Segment Open

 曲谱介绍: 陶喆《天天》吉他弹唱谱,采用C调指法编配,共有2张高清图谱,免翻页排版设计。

Segment Closed
Segment Open

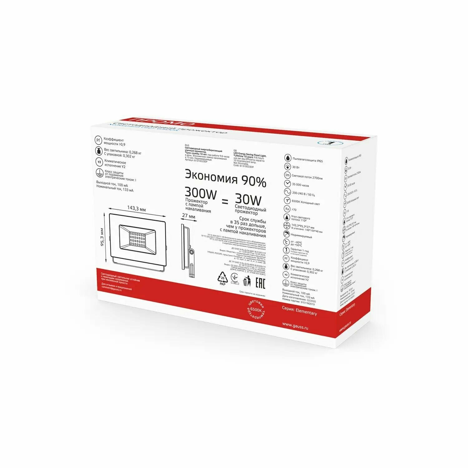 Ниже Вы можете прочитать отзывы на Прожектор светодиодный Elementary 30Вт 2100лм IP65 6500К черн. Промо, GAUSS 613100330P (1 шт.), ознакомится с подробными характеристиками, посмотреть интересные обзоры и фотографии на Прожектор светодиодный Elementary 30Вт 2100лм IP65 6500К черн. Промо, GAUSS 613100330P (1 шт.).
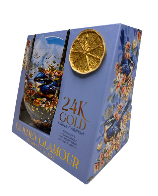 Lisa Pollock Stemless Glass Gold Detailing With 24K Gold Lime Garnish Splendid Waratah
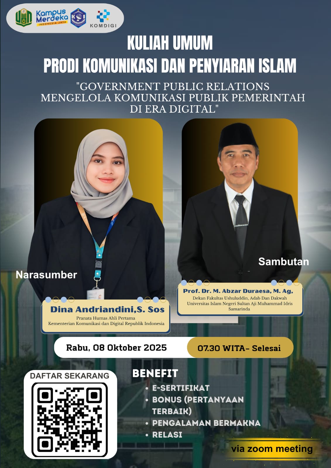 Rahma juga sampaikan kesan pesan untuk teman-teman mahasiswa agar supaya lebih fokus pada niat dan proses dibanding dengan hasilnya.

Segment Closed

▸ **To do**
Within the listing above, extract exactly the lines that run from the one containing "Lisa Pollock Stemless" through the one containing "Rahma juga sampaikan", excluding any pictures.

▸ **Solution below**
 Lisa Pollock Stemless Glass Gold Detailing With 24K Gold Lime Garnish Splendid Waratah
 Rahma juga sampaikan kesan pesan untuk teman-teman mahasiswa agar supaya lebih fokus pada niat dan proses dibanding dengan hasilnya.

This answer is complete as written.